- _What to do_: All of the records should be reproduced word for word, but no images may appear in the copy.

....................

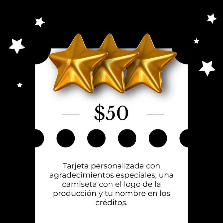 - $50 – Tarjeta personalizada + camiseta + tu nombre en los créditos finales.
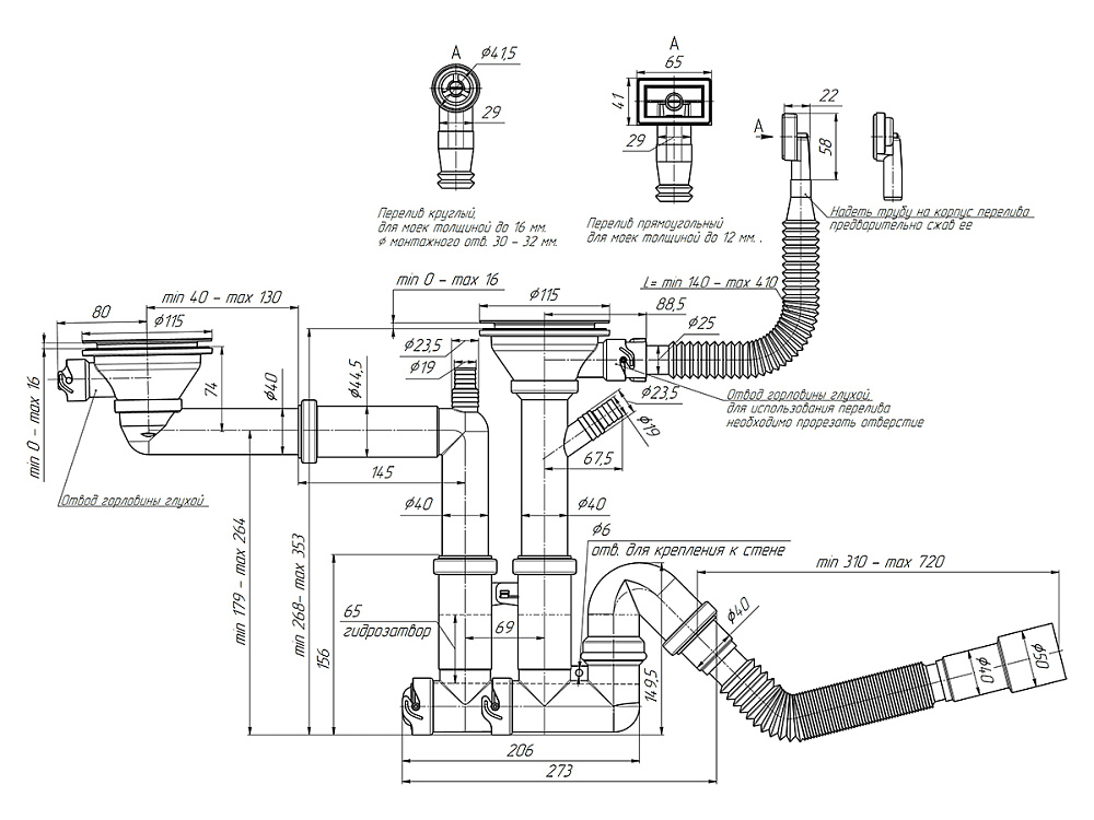 Преимущества сифона для мойки АНИ Пласт F серия F7500SA15:
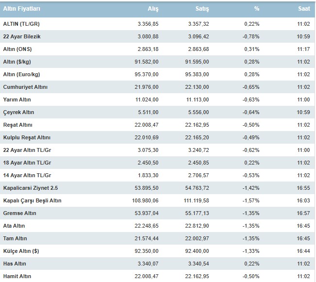 Tam Altın: 21.574,44 TL alış, 22.002,97 TL satış fiyatıyla işlem görüyor.
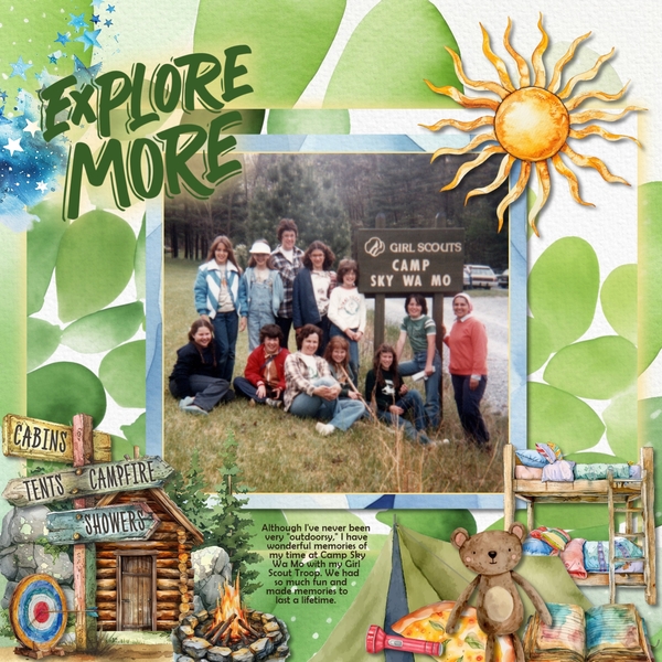 Accent your favorite camping pages with these fun watercolor embellishments and bold patterned background papers!
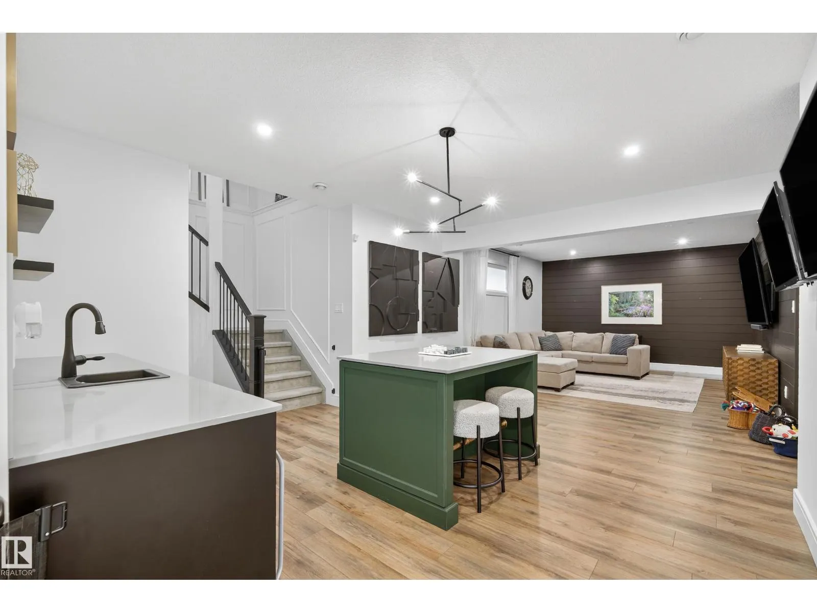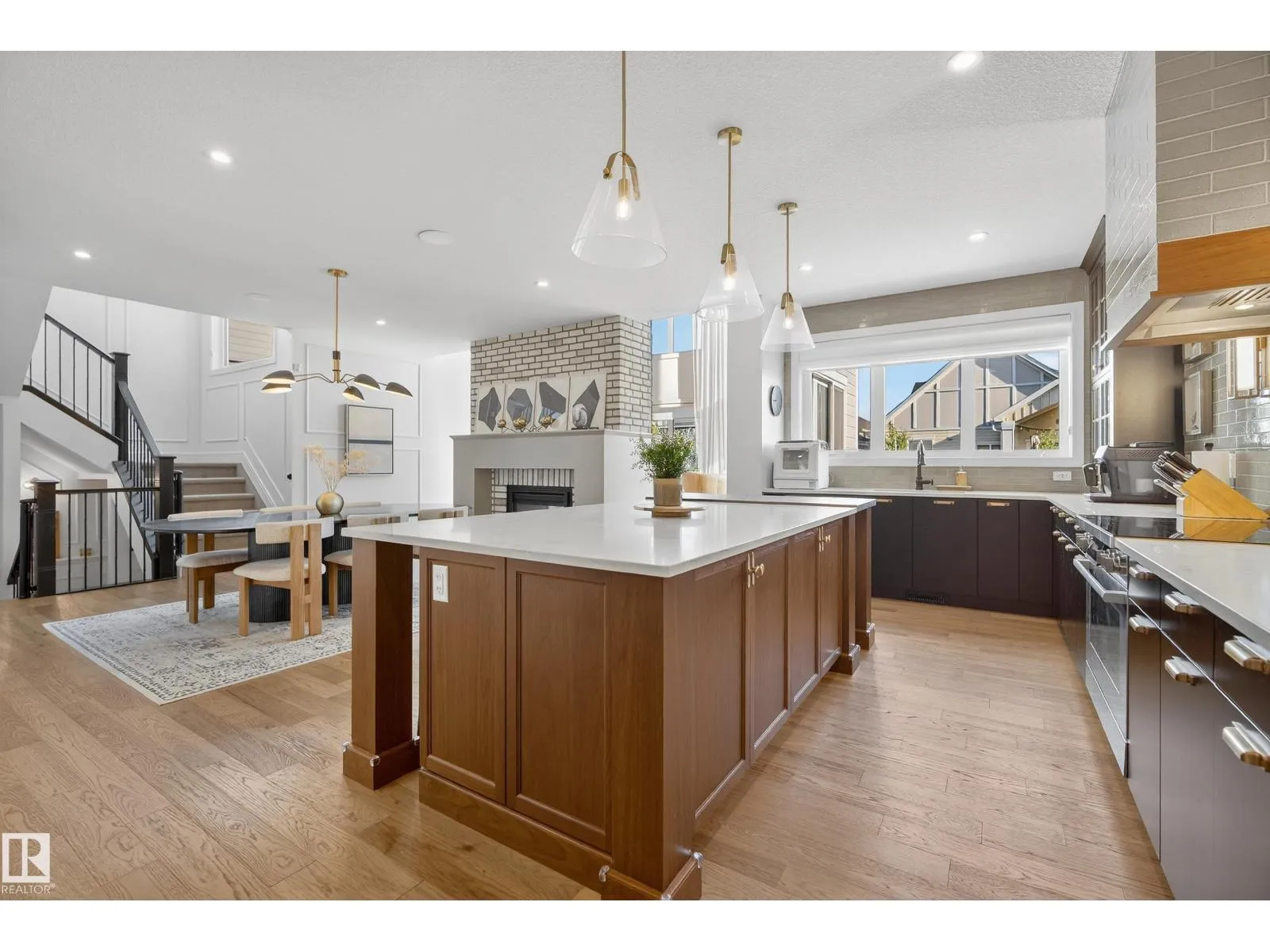This stunning property is a former SHOWHOME is located in the beautiful community of Jensen Lakes! This property comes LAKE ACCESS and luxurious living on a fully landscaped, corner lot. Step inside to an impressive OPEN TO BELOW layout with VAULTED ceilings, a striking TWO SIDED GAS FIREPLACE, and massive windows that flood the home with natural light. The kitchen is every chef's dream featuring a huge island, newer appliances, abundant cabinetry, gas range stovetop, perfect for entertaining your guests. Upstairs, there are 3 bedrooms, 5 pc bath and a massive family room. The primary suite a spacious 5 pc ensuite, walk in closet and spacious laundry room. Retreat to the basement to relax and enjoy the beautiful wet bar, rec room, wine cellar and 2 additional bedrooms. Enjoy outdoor living with a large deck overlooking a large backyard. Stylish, bright and beautifully finished!! This home truly has it all! (id:27476)
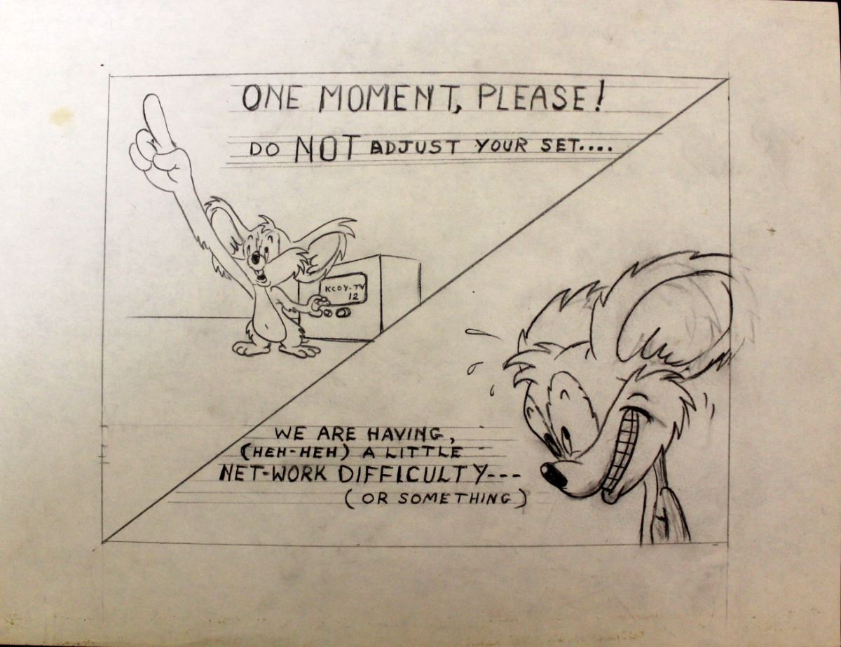 This drawing was done for a TV station at Schlessinger Studios. Drawing is by Les Stonehart, no signature. Measures 8 1/2" x 11".

....................

- _Answer area_:
 - $50 – Tarjeta personalizada + camiseta + tu nombre en los créditos finales.
 Преимущества сифона для мойки АНИ Пласт F серия F7500SA15:
 Tam Altın: 21.574,44 TL alış, 22.002,97 TL satış fiyatıyla işlem görüyor.
 Accent your favorite camping pages with these fun watercolor embellishments and bold patterned background papers!
This stunning property is a former SHOWHOME is located in the beautiful community of Jensen Lakes! This property comes LAKE ACCESS and luxurious living on a fully landscaped, corner lot. Step inside to an impressive OPEN TO BELOW layout with VAULTED ceilings, a striking TWO SIDED GAS FIREPLACE, and massive windows that flood the home with natural light. The kitchen is every chef's dream featuring a huge island, newer appliances, abundant cabinetry, gas range stovetop, perfect for entertaining your guests. Upstairs, there are 3 bedrooms, 5 pc bath and a massive family room. The primary suite a spacious 5 pc ensuite, walk in closet and spacious laundry room. Retreat to the basement to relax and enjoy the beautiful wet bar, rec room, wine cellar and 2 additional bedrooms. Enjoy outdoor living with a large deck overlooking a large backyard. Stylish, bright and beautifully finished!! This home truly has it all! (id:27476)
 This drawing was done for a TV station at Schlessinger Studios. Drawing is by Les Stonehart, no signature. Measures 8 1/2" x 11".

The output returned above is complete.